So it’s coming up for 2 weeks since I had what was supposed to be my first round of 5. As I mentioned last time I was wary. I knew what it had done to me last time including the most disruptive symptom mucositis. Not everyone gets it – I believe it’s round about 10% but it’s very unpleasant. A consultant I met on Tuesday told his students gathered round my bed that it was “like the patient has swallowed drain cleaner”. Said patient nodded vigorously. I was doing ok until this past weekend then one day I realised (with a little help) I couldn’t eat anything and more worryingly I couldn’t drink even a sip of water. My mouth and throat were too full of large painful blisters. Oh and I was being violently sick.

Late Monday night I finally relented that maybe I needed medical help as my strategy of sitting very still and not moving wasn’t working too well. I found myself in an ambulance to the local hospital and well I’m still here!

I’m on a drip and full of antibiotics, steroids, saline, anti sickness, vodka martini …. Oh no that’s right they won’t give me that one which seems a little mean. The blisters are going down and are now just small and vicious like little wasps so that any oral medicine still makes my eyes water a little.

Oh but I feel like I’ve started a new chapter. It’s scary to finally truly say that it’s pain relief only for the rest of this journey however long that may be but it’s also terribly liberating. So to my darling thug Vinnie the chemo I say thank you for trying sweetheart but you were too rough on this girl on this occasion. Go and help someone else – no regrets only gratitude here.

I can’t work out how to tag on this platform so I’ll do that when I get home. In the meantime gang may I offer you a sip of “delicious” nutritional supplement? No I’m only pulling a face because it’s so delightful. Go on just one sip I don’t have to have? Come baaaaack!!!!

Posted in Uncategorized | 2 Comments

Get the cannoli ready – he’s coming back

“Excuse me? Say that again?” The nice young doctor at A&E continued to look bemused and repeated “There’s something weird about your X-ray.

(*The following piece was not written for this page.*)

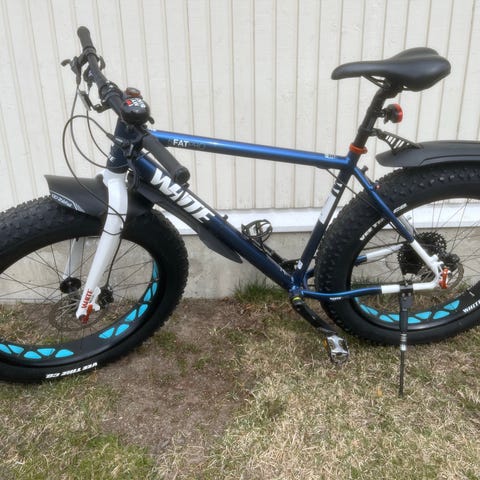 Myydään kuvan White fatbike 6 FAT Pro 19, väri Shine Blue. Ostettu 2019 XXL- liikkeestä. (ostokuitti löytyy) Lokasuojat tulee mukaan.

The stent you had fitted has … Gone.”

I mentioned the stent last time. It’s a three inch tube of tungsten metal that had been placed in my bowel to keep it open and was fitted during my last hospital stay a few weeks ago as the pesky primary tumour had been pressing against it making bowel movement nigh on impossible and causing much pain and lack of appetite. Now I was back 3 weeks later with the same symptoms and the explanation appeared to be that at some point I had expelled the stent … That’s the as I say three inch tube of strong metal … And hadn’t noticed. I’m proud and appalled by my bowel strength in equal measure. I think it was during the unpleasantness when weeks of not “going” were condensed into 3 days and nights of putting that right, and during the eye crossing pain and confusion that caused somewhere a small metal tube found it’s freedom. Happy sailings little fella!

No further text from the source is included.